Pete Mathews Coliseum
- Interactive map of Pete Mathews Coliseum
- Location: 700 Pelham Road Jacksonville, AL 36265
- Coordinates: 33°49′26″N 85°46′23″W﻿ / ﻿33.824°N 85.773°W
- Owner: Jacksonville State University
- Operator: Jacksonville State University
- Capacity: 3,500 (fall 2015 – present) 5,300 (1974 – Spring 2015)

Construction
- Opened: 1974
- Renovated: 2015

Tenants
- Jacksonville State Gamecocks (NCAA) (1974-present) AHSAA Northeast Regional Basketball Tournament Calhoun County Basketball Tournament

= Pete Mathews Coliseum =

Arena in Alabama, United States

Pete Mathews Coliseum (also known as "The Pete") is a 3,500-seat multi-purpose arena in Jacksonville, Alabama. It is home to the Jacksonville State University Gamecocks men's and women's basketball teams as well as the women's volleyball team. It also hosts the annual Calhoun County High School Basketball Tournament held each January, in which all high school basketball teams in Calhoun County, Alabama compete. The arena has been the annual host for this event since the early 1990s. Prior to that time, the event was held in different facilities around Calhoun County (most often at the Anniston High School auditorium). The venue opened in 1974 when the basketball team moved there from Stephenson Hall. In addition to the arena, the coliseum also houses an indoor swimming pool. Prior to the 2015 renovation, a concourse that was used as a jogging track circled the basketball court.

==Other information==
The facility also includes classroom areas for HPER instruction and also has a large storage area on the lowest level beneath the classroom/swimming pool area.

The original seating capacity was 5,500 but due to several renovations since its construction has seen a slight decline in seating capacity to 5,300. Following renovations during the summer of 2015, the seating capacity declined to 3,500. Before that renovation, most of the seating was of the wooden bleacher variety (entire upper deck and end zone lower deck).
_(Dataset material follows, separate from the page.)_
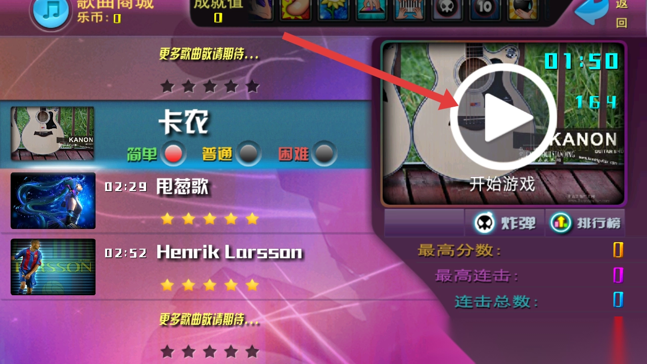 1. 进入乐动舞指游戏后,在歌曲列表的选卡农中选择曲目,挑选【简单】难度,点击右侧的播放图标开启游戏。

The remaining seats were of red cloth seats with seat backs which were used primarily by season ticket holders. Those seats were replaced with plastic chair-back seating along both sides and permanent bleachers in both endzones. A new wooden floor was installed as well.
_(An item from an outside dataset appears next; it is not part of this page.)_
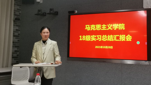 2021年10月28日下午,学院2018级思想政治教育专业实习报告总结大会在J05B401召开,同学们汇报了实习的经历与收获,学院全体院领导、校外实习指导教师、带队老师、专业负责人、各教研部主任、副主任、班主任及全体18级思想政治教育专业学生参加了总结会。会议由副院长朱志刚主持。

The arena currently hosts the Northeast Regional basketball tournament (boys and girls) for the AHSAA playoffs in each classification. The boys and girls winners go to Birmingham for the Final Four tournament.

The arena is named for the late former Alabama state legislator Pete Mathews who also sat on the university's board of trustees.

The original floor for the arena was synthetic rubber which was the popular flooring for basketball at the time. The arena was a multi-purpose facility when the synthetic rubber floor was in place. Women's volleyball, men's and women's basketball, intramural sports, HPER classes, graduation ceremonies, as well as various concerts and other events were held in the facility.

A wooden floor was installed in the early 1980s and the arena was reconfigured to be principally used for basketball. A renovation of the old Stephenson gymnasium allowed most of the activities that had been held in the arena besides men's and women's basketball and women's volleyball to be relocated there.

The university's baseball team formerly used the area behind the north side upper deck as a batting cage during winter workouts.

A large parking area borders the northern entrances to the facility while limited parking exists on the other three sides. The university's tennis complex borders the facility on the south side while an outdoor track, soccer and baseball facilities border it on the western side.

Among some of the performers who have held concerts in the facility include the group Alabama, Billy Joel, and Jimmy Buffett.

On March 19, 2018, Pete Mathews Coliseum suffered extensive roof damage after a tornado went through the Jacksonville State campus.